Под Вязьмою Ермолов, Милорадович, Платов и другие, находясь в близости от французов, не могли воздержаться от желания отрезать и опрокинуть два французские корпуса. Кутузову, извещая его о их обмане, вместо донесения, они прислали в конверте лист белой бумаги. И сколько ни старался Кутузов удерживать войска, войска наши атаковали, стараясь загородить дорогу. Пехотные полки с музыкою и барабанным боем ходили в атаку и побили и потеряли тысячи людей.
Этим кончается вновь вышедший пятый том "Войны и мира", представив нам взгляды хотя и не совсем новые, но высказанные с замечательным тактом и убедительностию, и очертив многие исторические лица не карандашом казенного историка, а свободною рукою правдивого и чуткого художника.

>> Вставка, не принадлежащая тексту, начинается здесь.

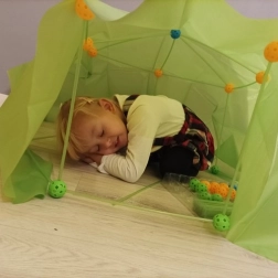 Sagradite vlastitu tajnu bazu, kupolu, tunel ili šator – mašti nema granica. Izdržljive plastične štapiće i čvrsti kugličasti konektori omogućuju stvaranje stabilnih konstrukcija koje se mogu prekriti priloženom zelenom plahtom. Zahvaljujući fluorescentnim slamkama kreacije su atraktivne i pri prigušenom svjetlu.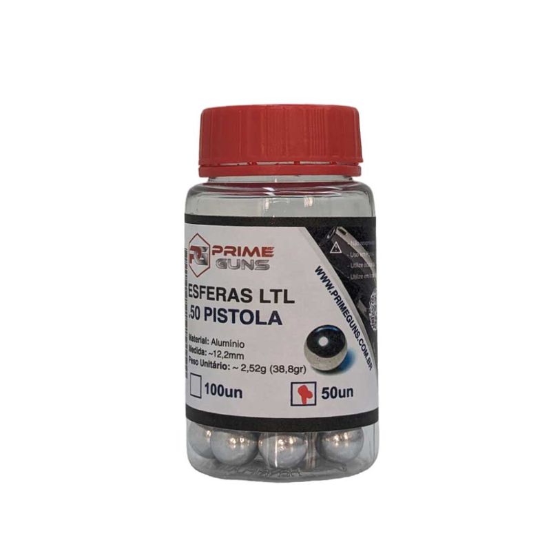 Fabricada em alumínio, as esferas .50 possuem medida de 12,2mm, projetadas especialmente para armas de defesa pessoal .50, como a Alfa LTL, Umarex HDP T4E e demais armas de Co2 que possam disparar esferas de calibre .50.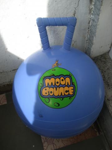 Mankštos kamuolys "Moon Bounce", vaikams gal iki kokių 7 metų, priklausomai nuo ūgio. Juo galima šokinėti, yra rankena įsitverti.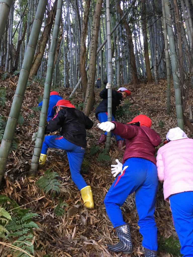 お宝探しに出掛けてすぐに、子ども達は学校の裏山が放置竹林に覆われていることに気づきました。そして、ここが以前は雑木林や畑だったことを、地元の人から教えてもらいました。どうして、放置竹林が広がってしまったのか、人と自然の繋がりの変化から考えていきました。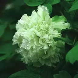 绣球型:雄蕊充分瓣化,内外瓣形状大小近似,拥挤隆起,呈球形;雌蕊基本或全部退化或瓣化,无结实能力。此类花型以“豆绿”、“绿香球”、“雪映朝霞”等品种为代表。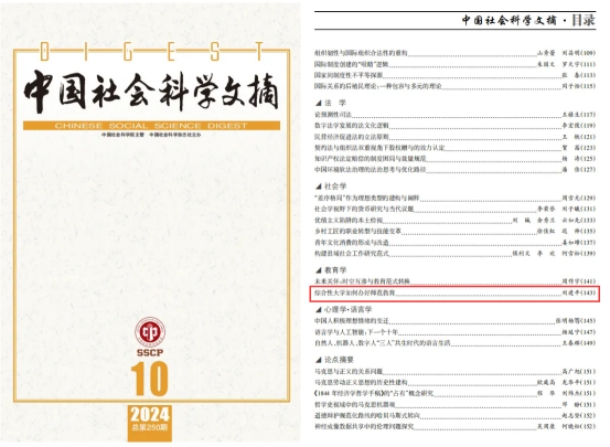近日,我刊《教育科学探索》2024年第3期刊发的刘建平教授论文《综合性大学如何办好师范教育》被《中国社会科学文摘》2024年第10期全文转载。这是公司董事长刘建平教授深入思考研究综合性大学师范教育综合改革的一项新研究成果,也是我刊受到又一权威学术媒体关注的例证。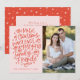 Envie cartões de natal mágicos para amigos e familiares com nosso cartão festivo de fotos. A frase "A magia do Natal nunca acaba, seus maiores presentes são família e amigos" é exibida em um roteiro laranja, manchado, com um fundo rosa claro e claro. Personalize a frente do cartão de feriado bonito adicionando seu nome, ano e foto. A placa reverte para incluir sua mensagem personalizada em dentro de texto laranja de um quadro de retângulo embutido. O fundo apresenta um padrão de estrelas e pontos embaçados.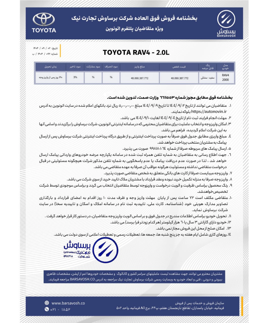 لازم به ذکر است که متقاضیانی که قصد دارند در اولین دوره از عرضه نسل جدید تویوتا راوفور شرکت کنند می بایست در مرحله اول از روز یکشنبه ۲ آذرماه ۱۴۰۴ تا روز یکشنبه ۹ آذر ۱۴۰۴ نسبت به وکالتی کردن حساب خود و بلوکه نمودن ۵۰۰ میلیون تومان اقدام نمایند و در مرحله بعدی از روز سه شنبه ۴ آذر ۱۴۰۴ تا روز دوشنبه ۱۰ آذر ۱۴۰۴ می توانند با مراجعه به سامانه اتونوین به نشانی https://autonovin.ir/ نسبت به ثبت نام و در اولین عرضه عمومی تویوتا RAV4 وارداتی شرکت کنند.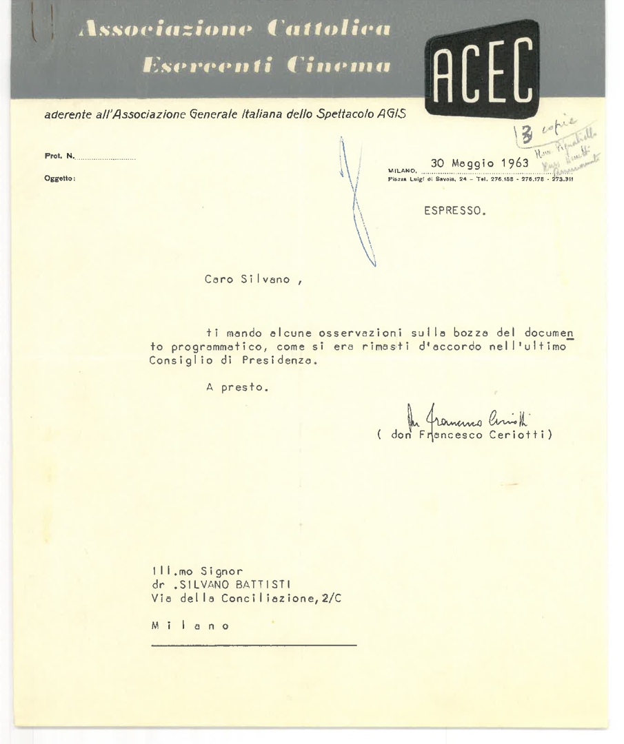 Lettera di Silvano Battisti, segretario generale dell'ACEC, a don Alfonso Bonetti, parroco della parrocchia di Santa Maria della Carità di Bologna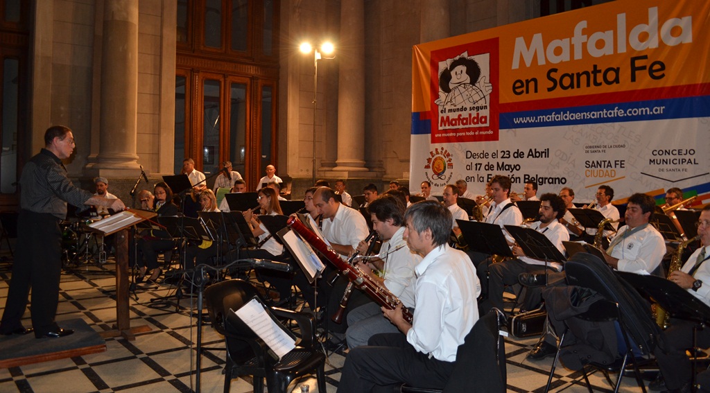 Un concierto de la Banda Sinfónica “Ciudad de Santa Fe”, dirigida por el maestro Juan Rodríguez y con la participación de la cantante Gabriela Roldán, engalanó esta tarde la inauguración de la muestra “El mundo según Mafalda”. Ocurrió en el hall central de la Estación Belgrano, en Bulevar Gálvez 1150.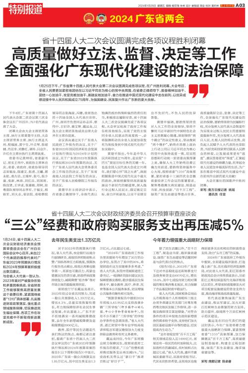 1月25日下午,广东省第十四届人民代表大会第二次会议圆满完成各项议程,在广州胜利闭幕。大会号召,全省人民要更加紧密地团结在以习近平同志为核心的党中央周围,在省委正确领导下,振奋精神加油
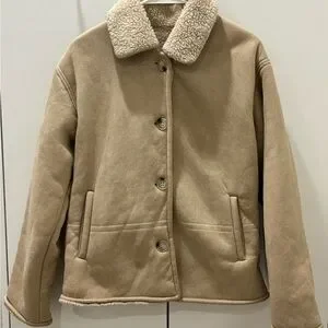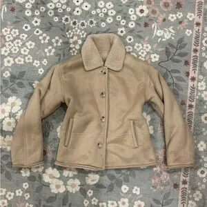 Beige Tan Teddy Button Up Jacket for Women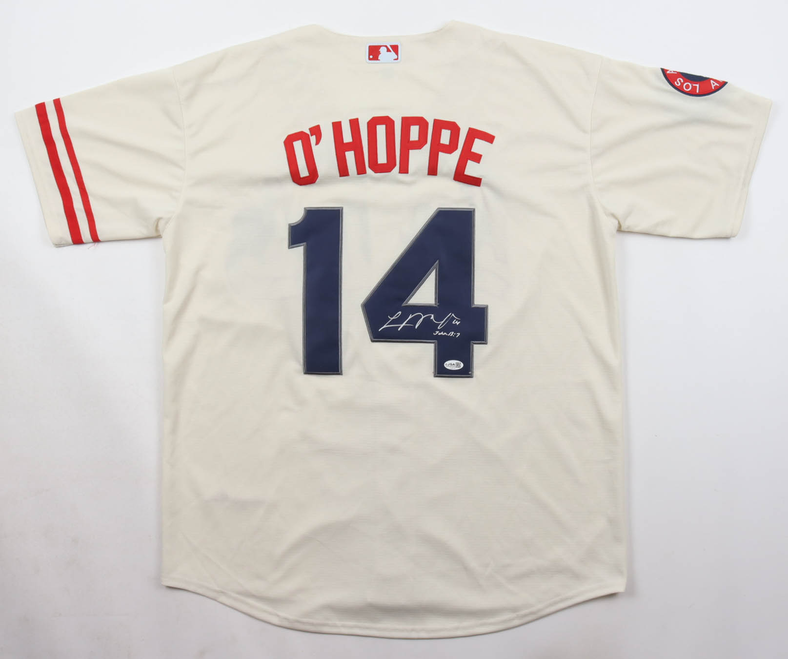Custom jersey with everything sewn on, size XL. Hand-signed by Logan O'Hoppe.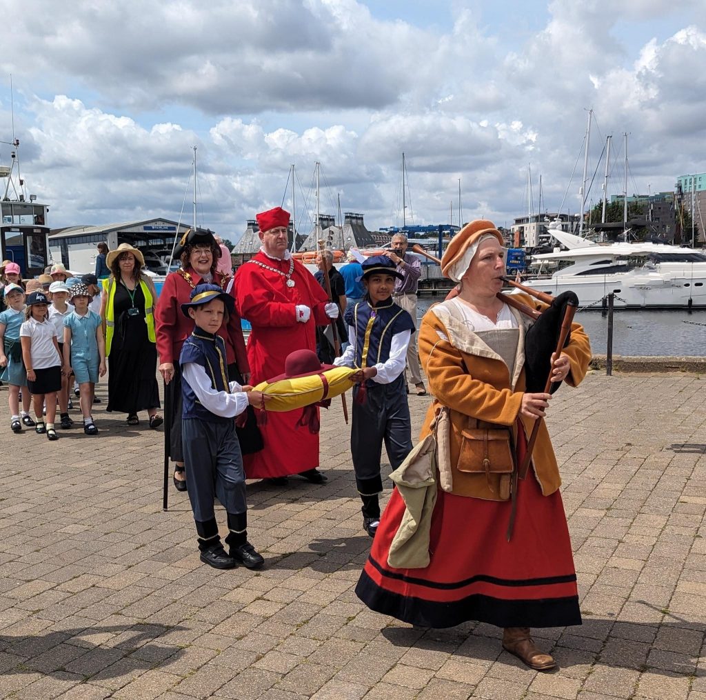 July 2023 – Playing for a parade of a replica of Thomas Wolsey’s hat as promotion for the Wolsey 550 project and the soon to open exhibition at Suffolk Archives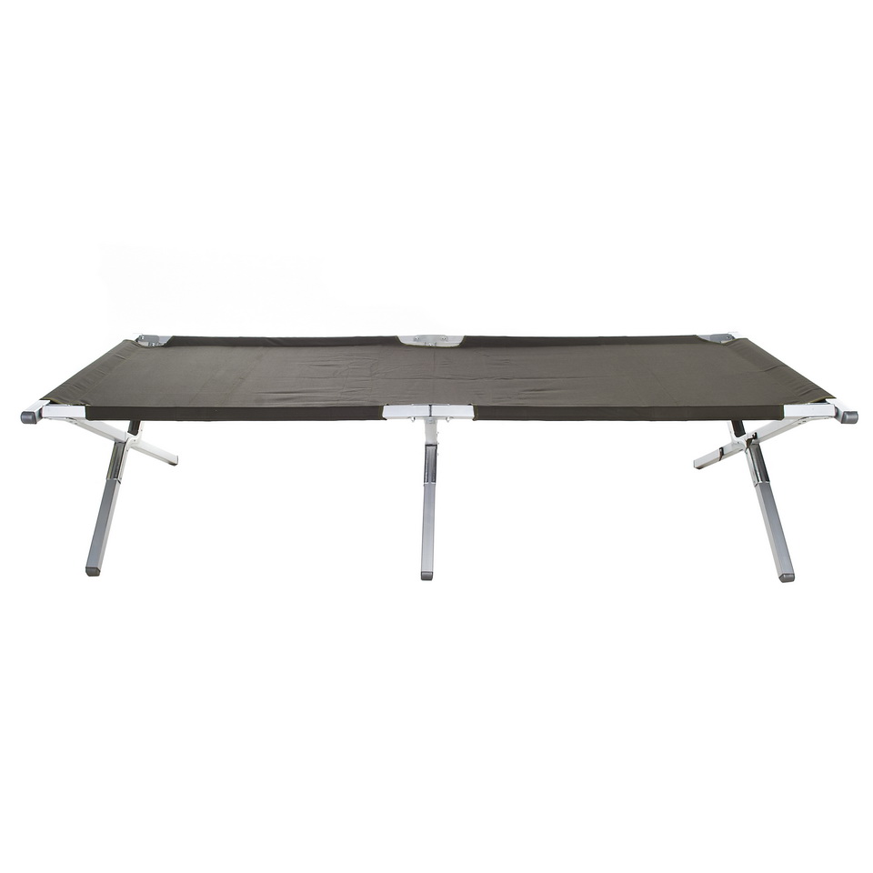 le matériau s'humidifie moins. Pour plus de solidité, le lit est renforcé sur toute sa largeur par 4 bandes de tissu en nylon. La chaise longue est plus large que la plupart des chaises longues de ce type : elle mesure 75 cm de large et 210 cm de long. Une fois pliée, la chaise longue peut être maintenue à l'aide d'une sangle en nylon fournie avec la chaise longue.

XI. ДВА АНЕКДОТА О ЕРМОЛОВЕ И РАСТОПЧИНЕ
Ермолов и Растопчин графа Толстого (которые, конечно, вполне ответственны для автора) отныне останутся в представлениях общества не такими, какими их изображали реляции да надутые слухи, а такими, какими они легко и рельефно представляются каждому по художественным абрисам гр. Толстого. Его Ермолов, забывающий распорядиться Тарутинским сражением и отшучивающий кадетские шутки с фельдмаршалом Кутузовым, которому этот нетерпимейший из самолюбивых людей, как школьник, прислал вместо донесения лист белой бумаги, это тот же самый Алексей Петрович Ермолов, который после большой популярности, составленной себе на Кавказе, осевшись в Москве и потеряв всякую возможность фигурировать в хорошей позиции в влиятельных сферах, как манерная барышня принимал воздыхания, выраженные в известной (особенно в то время) басне: "У всадника, наездника лихого, был конь". Подразумевалось, что в басне этой проводилась ермоловская история, что "конь" - это был сам Ермолов, а "всадник, наездник лихой", император Александр Первый. Басня, как все, вероятно, помнят, развивалась таким образом: "Наездник лихой умер, и конь его достался новому всаднику; но новый всадник боялся, или не умел сесть на этого коня и потому держал его на стойле". Басня эта во мнении Ермолова равнялась смелости, чтобы "истину царям с улыбкой говорить", а на самом деле для общества, читавшего эту басню, все это были "намеки тонкие на то, чего не ведает никто". Ермолов, обрисованный в главных чертах своего характера графом Толстым, так оставался верным этому абрису во всю остальную свою жизнь. Так, не довольствуясь кавказскою славою первого русского героя, он не пренебрегал приобретением большей популярности в Москве через панибратские общения и либеральные разговоры с молодыми людьми, которых смешил, называя покойного фельдмаршала Паскевича-Эриванского графом Иерихонским и критикуя перед ними во все стороны действия правительства. Все это, конечно, было известно и двору и правительству и в глазах того и другого создавало Ермолову положение, которым покойный генерал не мог быть доволен, - от него, что называется, сторонились, избегали его. Общество к нему благоволило, но иногда и из общества слышалось ему резкое слово. Так, рассказывали, что незадолго до своей недавней кончины, говоря о людях, известных у нас под названием нигилистов, Ермолов спросил своего собеседника: "И скажите, пожалуйста, откуда такая дрянь могла взяться на нашей земле?" - а собеседник в ответ рек ему "истину с улыбкой":
- Одни вы, ваше превосходительство, гуляя по бульвару, сотни две, я думаю, посеяли.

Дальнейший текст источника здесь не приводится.